What to work on: All of the entries need to be printed again exactly; pictures are the only thing to omit.

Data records
BEGIN

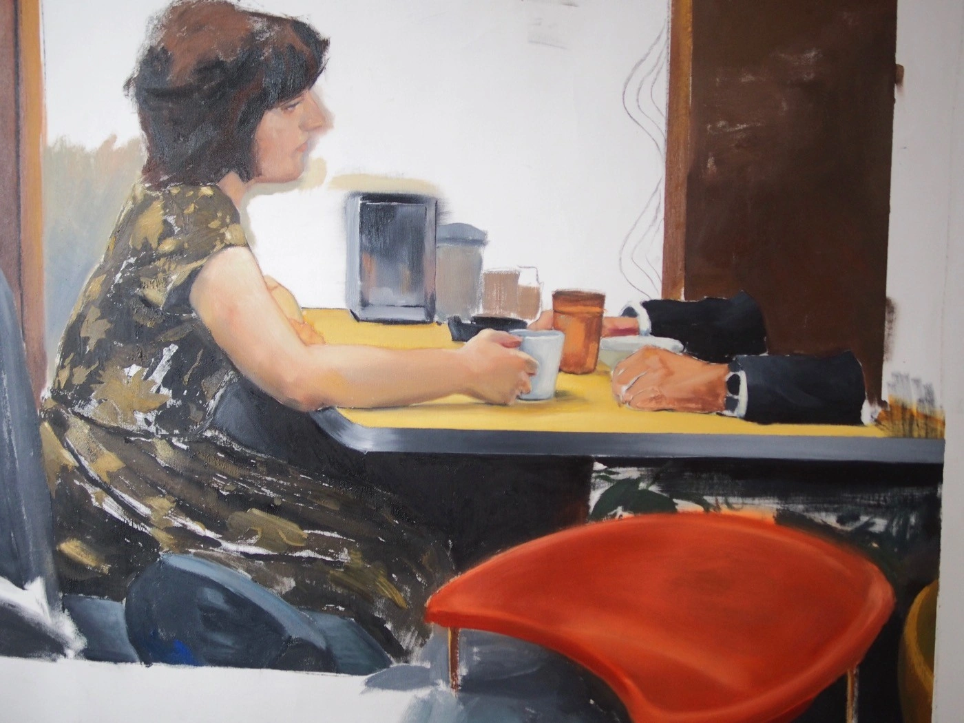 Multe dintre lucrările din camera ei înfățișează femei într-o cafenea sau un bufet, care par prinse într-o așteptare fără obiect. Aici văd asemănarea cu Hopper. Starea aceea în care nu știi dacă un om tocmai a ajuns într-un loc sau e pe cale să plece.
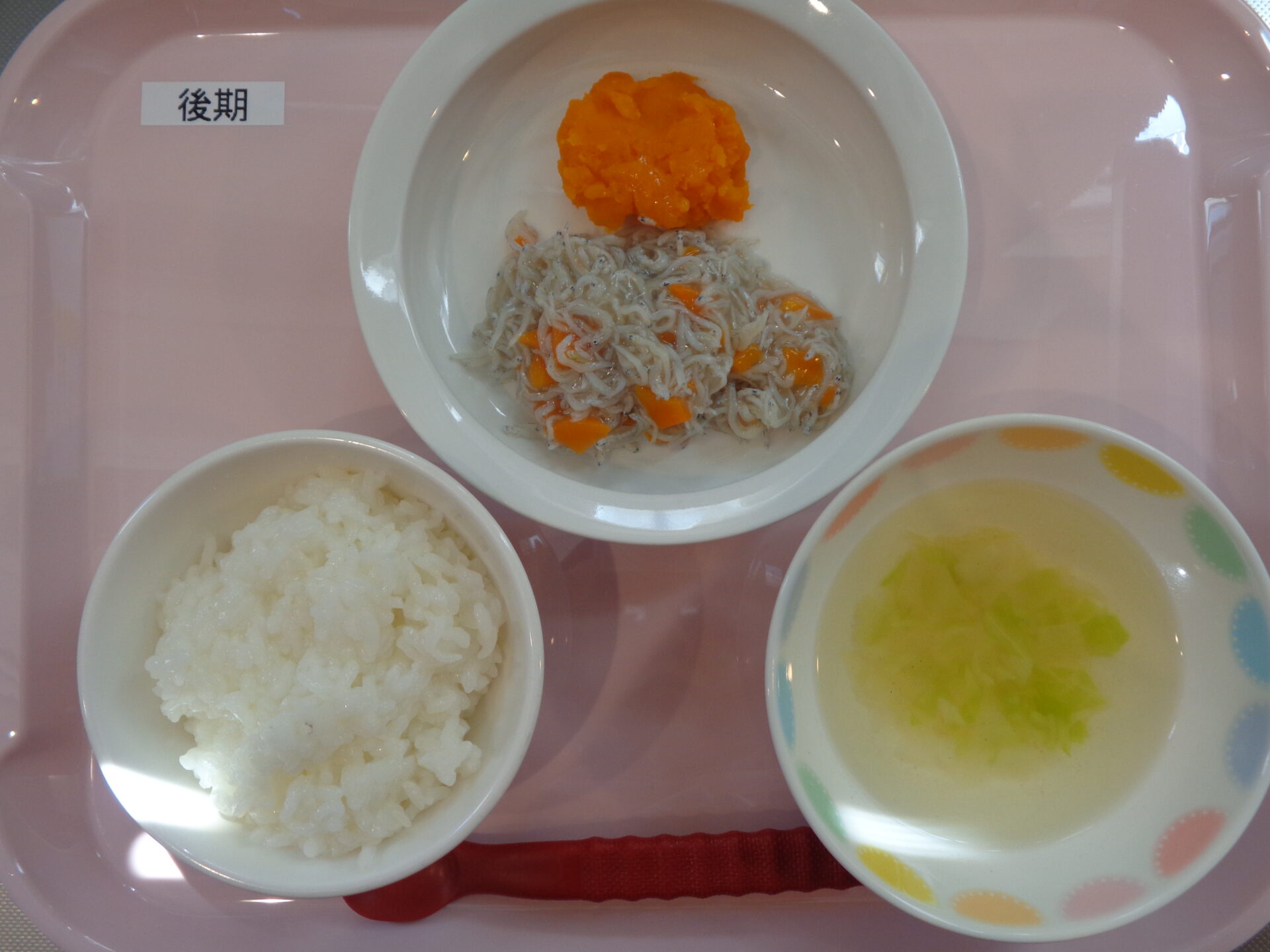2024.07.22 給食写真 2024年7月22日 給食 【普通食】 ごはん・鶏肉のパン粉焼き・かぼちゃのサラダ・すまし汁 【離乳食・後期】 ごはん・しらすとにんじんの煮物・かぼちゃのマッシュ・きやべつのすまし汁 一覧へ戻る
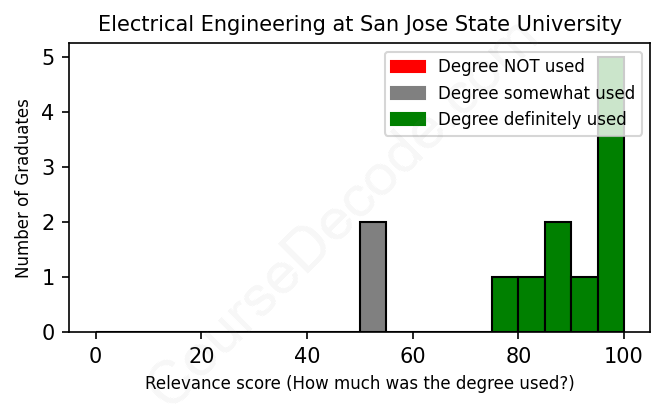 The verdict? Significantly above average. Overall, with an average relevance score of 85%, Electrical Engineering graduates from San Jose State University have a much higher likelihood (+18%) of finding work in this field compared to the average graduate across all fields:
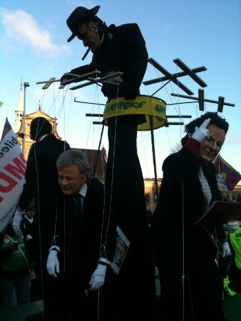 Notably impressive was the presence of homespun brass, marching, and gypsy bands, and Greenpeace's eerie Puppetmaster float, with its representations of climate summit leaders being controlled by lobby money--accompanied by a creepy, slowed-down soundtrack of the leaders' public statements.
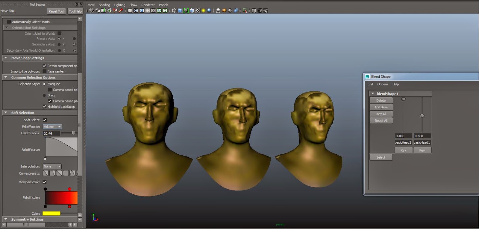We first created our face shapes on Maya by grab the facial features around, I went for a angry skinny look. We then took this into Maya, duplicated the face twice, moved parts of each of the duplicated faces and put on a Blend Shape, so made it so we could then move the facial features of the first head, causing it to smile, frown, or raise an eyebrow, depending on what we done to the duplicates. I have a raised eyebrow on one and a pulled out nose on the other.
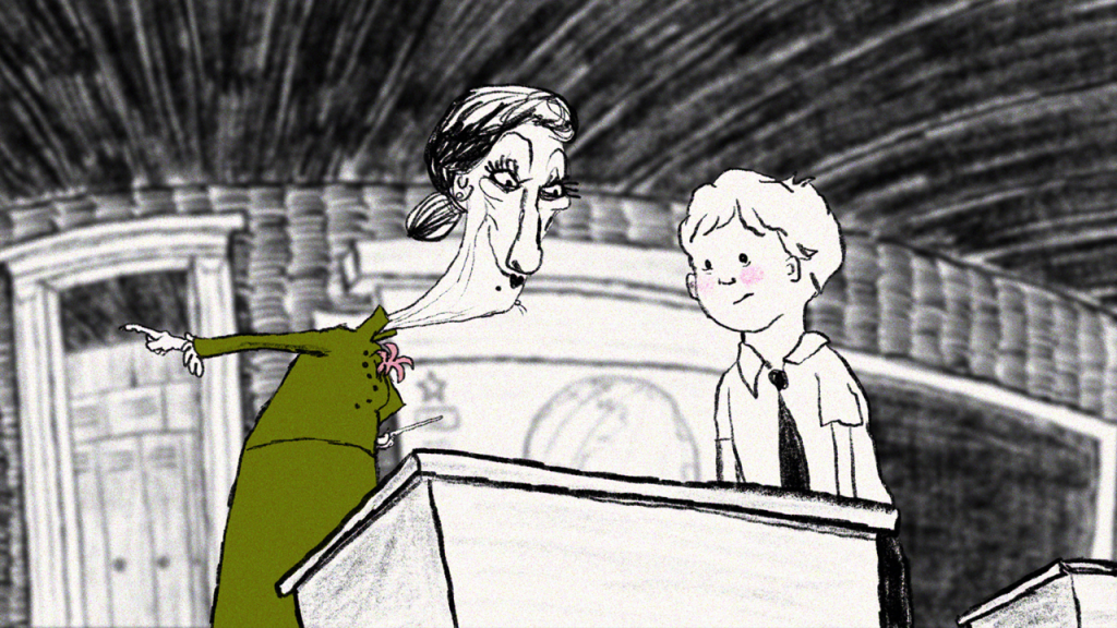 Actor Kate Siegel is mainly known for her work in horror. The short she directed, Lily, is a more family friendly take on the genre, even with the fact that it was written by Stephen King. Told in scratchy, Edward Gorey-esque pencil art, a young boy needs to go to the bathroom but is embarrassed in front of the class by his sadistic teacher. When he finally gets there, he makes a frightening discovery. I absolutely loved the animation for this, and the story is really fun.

END

Written response:
 Multe dintre lucrările din camera ei înfățișează femei într-o cafenea sau un bufet, care par prinse într-o așteptare fără obiect. Aici văd asemănarea cu Hopper. Starea aceea în care nu știi dacă un om tocmai a ajuns într-un loc sau e pe cale să plece.
2024.07.22 給食写真 2024年7月22日 給食 【普通食】 ごはん・鶏肉のパン粉焼き・かぼちゃのサラダ・すまし汁 【離乳食・後期】 ごはん・しらすとにんじんの煮物・かぼちゃのマッシュ・きやべつのすまし汁 一覧へ戻る
 The verdict? Significantly above average. Overall, with an average relevance score of 85%, Electrical Engineering graduates from San Jose State University have a much higher likelihood (+18%) of finding work in this field compared to the average graduate across all fields:
 Notably impressive was the presence of homespun brass, marching, and gypsy bands, and Greenpeace's eerie Puppetmaster float, with its representations of climate summit leaders being controlled by lobby money--accompanied by a creepy, slowed-down soundtrack of the leaders' public statements.
We first created our face shapes on Maya by grab the facial features around, I went for a angry skinny look. We then took this into Maya, duplicated the face twice, moved parts of each of the duplicated faces and put on a Blend Shape, so made it so we could then move the facial features of the first head, causing it to smile, frown, or raise an eyebrow, depending on what we done to the duplicates. I have a raised eyebrow on one and a pulled out nose on the other.
 Actor Kate Siegel is mainly known for her work in horror. The short she directed, Lily, is a more family friendly take on the genre, even with the fact that it was written by Stephen King. Told in scratchy, Edward Gorey-esque pencil art, a young boy needs to go to the bathroom but is embarrassed in front of the class by his sadistic teacher. When he finally gets there, he makes a frightening discovery. I absolutely loved the animation for this, and the story is really fun.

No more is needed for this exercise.